(Work item): Copy exactly the lines from the beginning of the data down to and including the line holding "Çizme Zelya Beyaz Cilt Topuklu Çizme", without any pictures.

(Data):
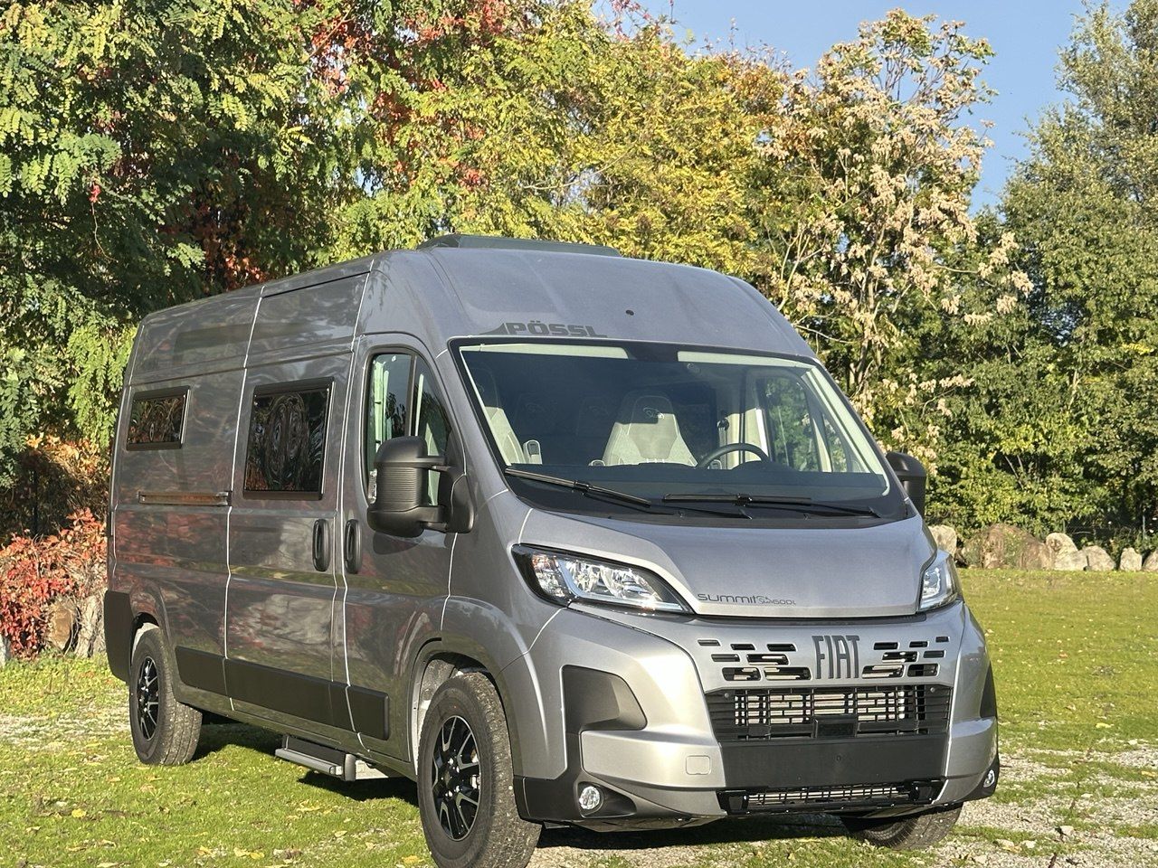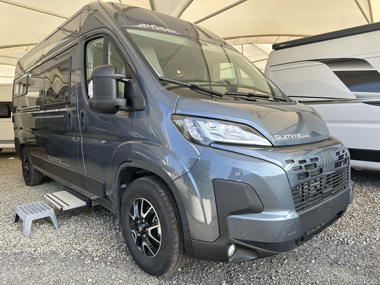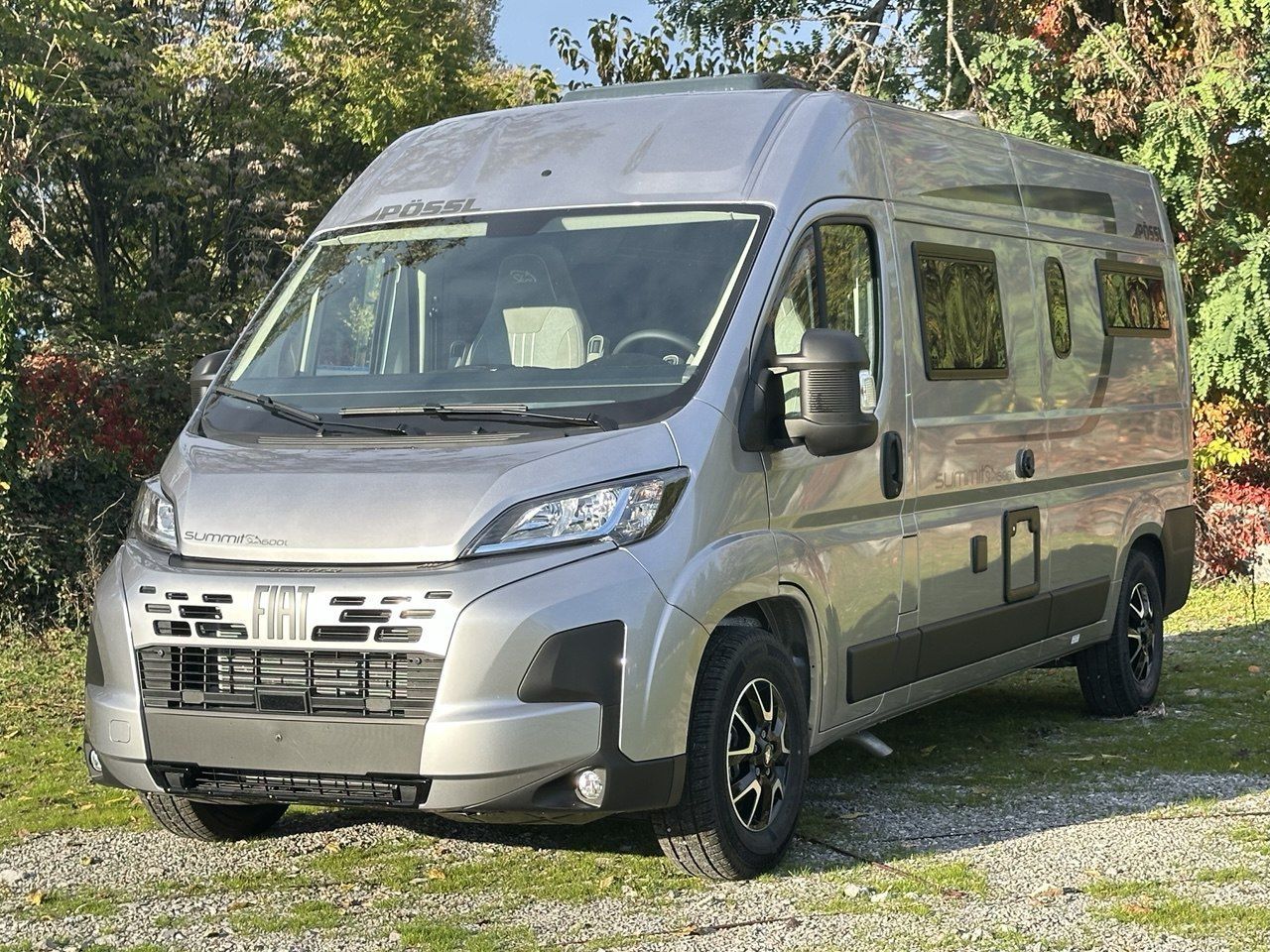 POSSL SUMMIT 600 PLUS su FIAT cv.140: Van 4 posti viaggio, con letto matrimoniale posteriore, ampia dinette con prolunga tavolo e terzo letto, frigorifero apribile da ambo i lati, Bagno con finestra con doccia traslabile, riscaldamento Truma Diesel, comando Truma Inet X, pacchetto Inverno, attacco Isofix, set di prese aggiuntive.
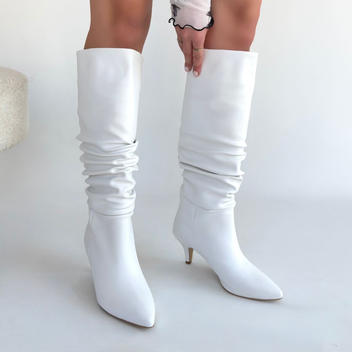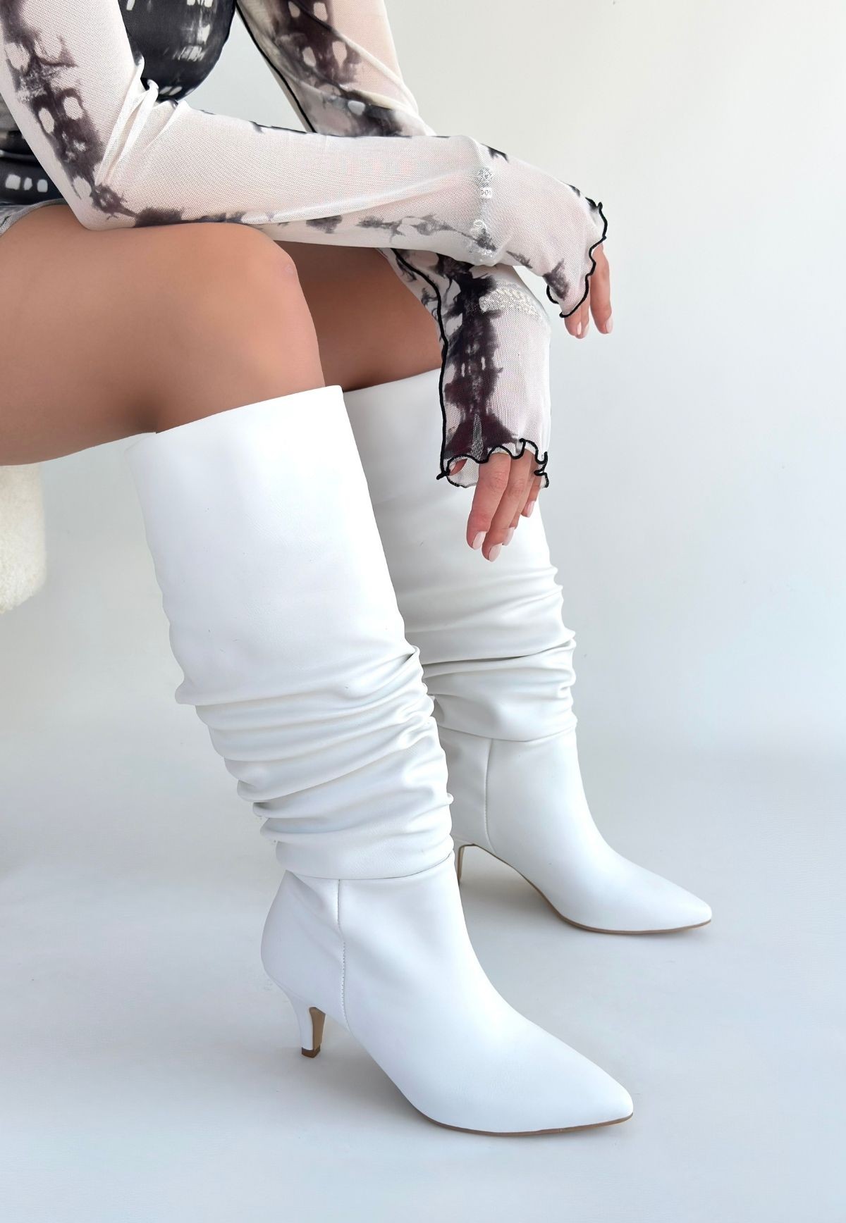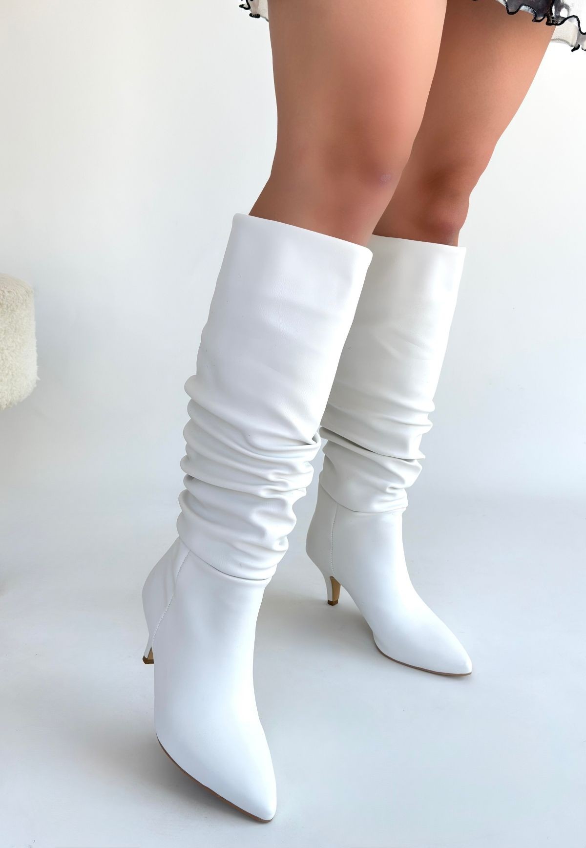 Çizme Zelya Beyaz Cilt Topuklu Çizme
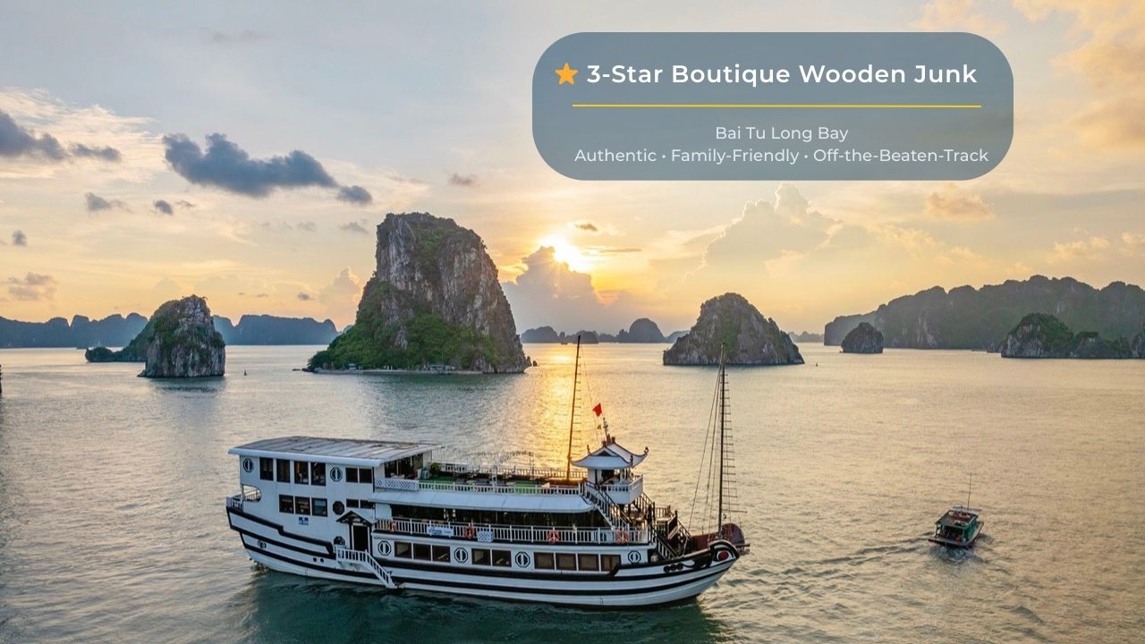 Renea Cruises operates a small fleet of traditional wooden boutique boats dedicated to the quieter corners of Bai Tu Long Bay, away from the more crowded routes. The focus is on authentic wooden-junk atmosphere, family-friendly cabins and active experiences like kayaking and top-deck BBQ dinners rather than sheer ship size.
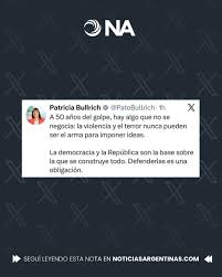 Buenos Aires, martes 24 marzo (PR/26) – La jefa del bloque de senadores de La Libertad Avanza (LLA), Patricia Bullrich, sostuvo este martes que, a 50 años del Golpe de Estado, “hay algo que no se negocia” y es que “la violencia y el terror nunca pueden ser el arma para imponer ideas”.

(Exercise solution):
 POSSL SUMMIT 600 PLUS su FIAT cv.140: Van 4 posti viaggio, con letto matrimoniale posteriore, ampia dinette con prolunga tavolo e terzo letto, frigorifero apribile da ambo i lati, Bagno con finestra con doccia traslabile, riscaldamento Truma Diesel, comando Truma Inet X, pacchetto Inverno, attacco Isofix, set di prese aggiuntive.
 Çizme Zelya Beyaz Cilt Topuklu Çizme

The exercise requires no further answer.